- Jamalabad-e Kuseh Location within Iran
- Coordinates: 36°39′48″N 49°27′29″E﻿ / ﻿36.66333°N 49.45806°E
- Country: Iran
- Province: Gilan
- County: Rudbar
- District: Lowshan
- Rural District: Jamalabad

Population (2016)
- • Total: 440
- Time zone: UTC+3:30 (IRST)

= Jamalabad-e Kuseh =

Village in Gilan province, Iran

Jamalabad-e Kuseh (جمال‌آباد کوسه) (Note: Also romanized as Jamālābād-e Kūseh) is a village in, and the capital of, Jamalabad Rural District in Lowshan District of Rudbar County, Gilan province, Iran.

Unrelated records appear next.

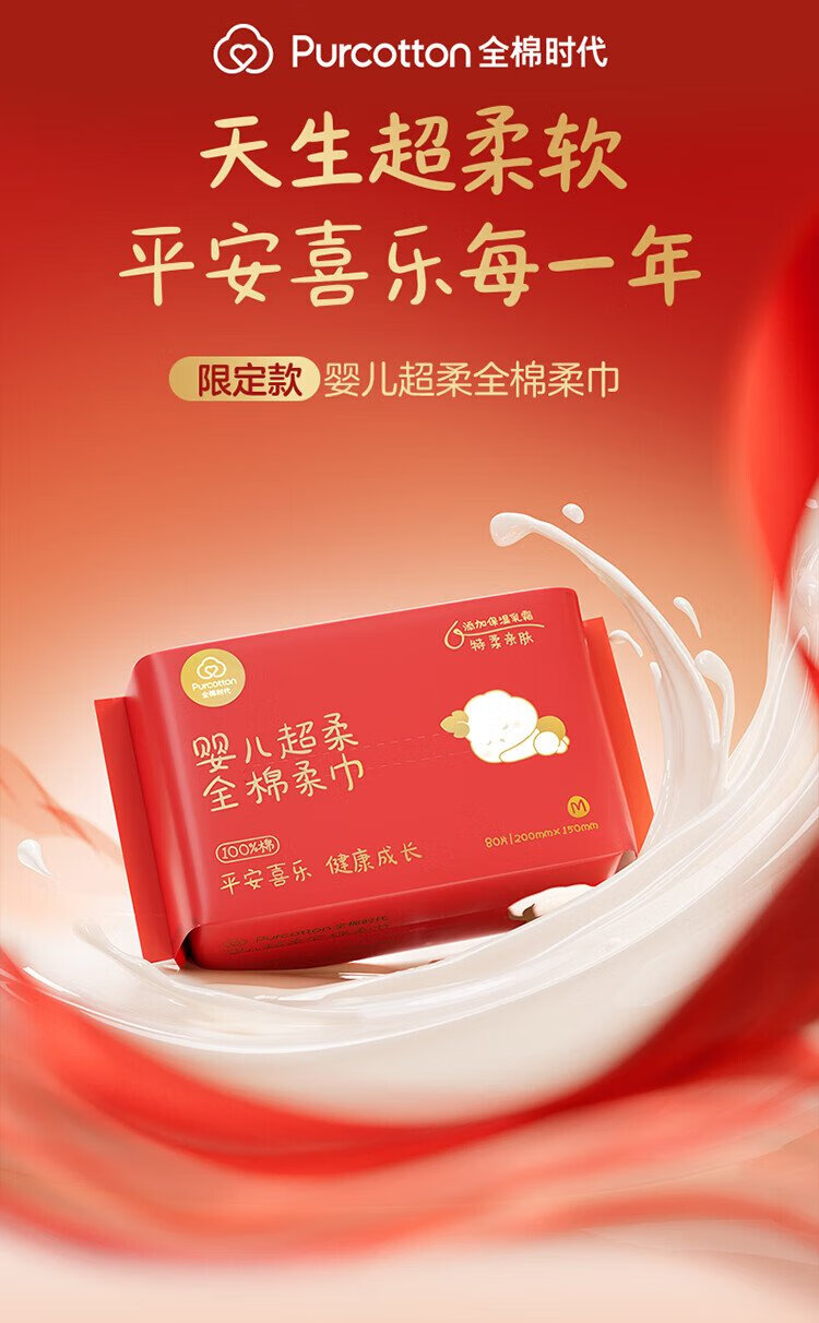 In the era of pure cotton, Sun Yingsha's same model, baby pure cotton soft towel, super soft cream face wash towel, available for adults, 80 puffs * 6 packs
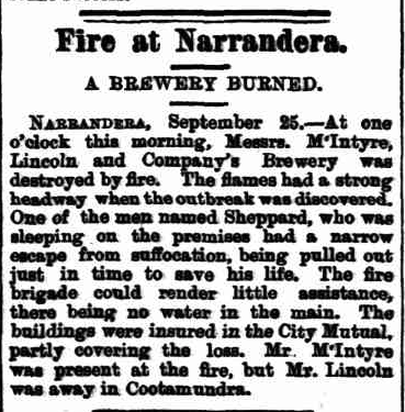 On Tuesday, the 25th day of September 1894, the brewery was destroyed by fire. An employee by the name of Sheppard, who was sleeping on the premises, had to be pulled to safety. (Trove 2025)
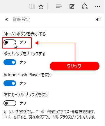 新しいブラウザであるMicrosoft Edgeには、最初から「ホーム」ボタンが表示されていませんね。
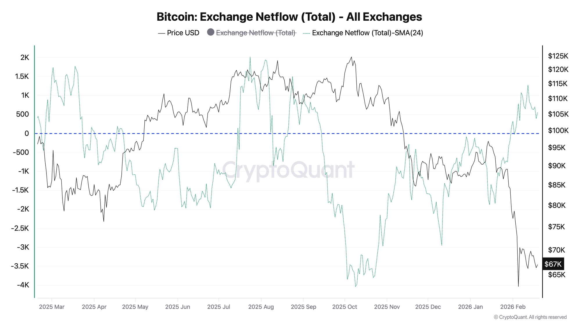 Metric: total Bitcoin netflow across all exchanges, smoothed by a 24-hour simple moving average (SMA-24), denominated in BTC.
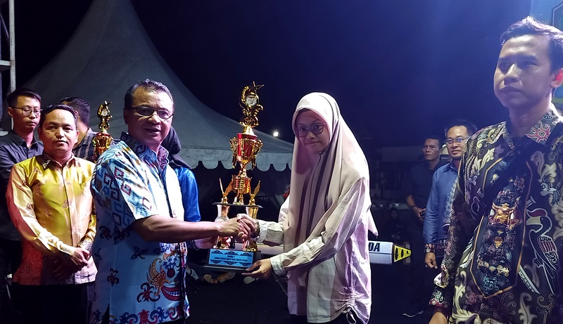 SERAHKAN PIALA DAN PIAGAM-Pj Sekda Barito Utara Drs Jufriansyah menyerahkan piala dan uang pembinaan kepada juara I lomba Desain Batik Khas Barito Utara pada penutupan Batara Expo tahun 2024, di eks Bandara Beringin Muara Teweh, Senin (4/8/2024) malam.
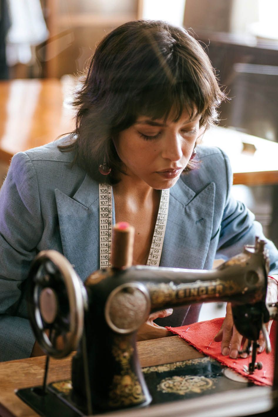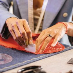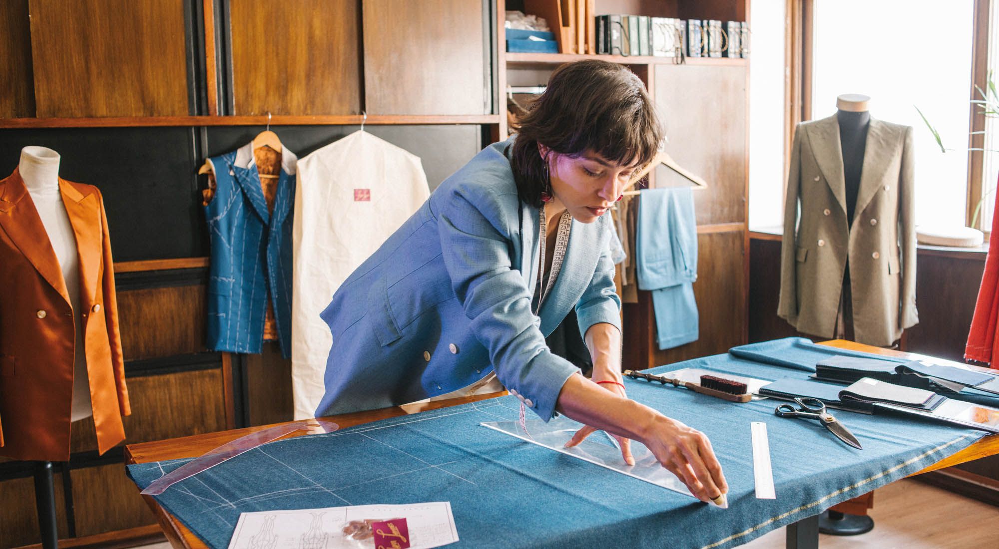 -En un punto, ambas cosas están vinculadas. Cuando llega una mujer, lo primero que hago es hablar con ella: no solo sobre lo que quiere, sino para entender quién es y cómo es su vida. Son charlas de 3 a 4 horas antes de que me cuente para qué vino. La sastrería artesanal no tiene que ver solo con medidas, sino con cómo se mueve, su postura y cómo se desenvuelve. Se necesita generar un espacio de confianza, porque después trabajamos muy cerca. Muchas mujeres llegan con exigencias sobre su cuerpo; algunas buscan cubrir ciertas zonas. A veces les aconsejo pasar tiempo desnudas frente al espejo, para que puedan valorar su cuerpo antes de vestirse.

It served as the capital of Kalashtar Rural District after the capital had been transferred from the village of Kalashtar.

==Demographics==
===Population===
At the time of the 2006 National Census, the village's population was 519 in 135 households, when it was in Kalashtar Rural District of the Central District. The following census in 2011 counted 442 people in 112 households. The 2016 census measured the population of the village as 440 people in 148 households.

In 2024, 12 villages and the city of Lowshan were separated from the district in the formation of Lowshan District, and Jamalabad-e Kuseh was transferred to Jamalabad Rural District created in the new district.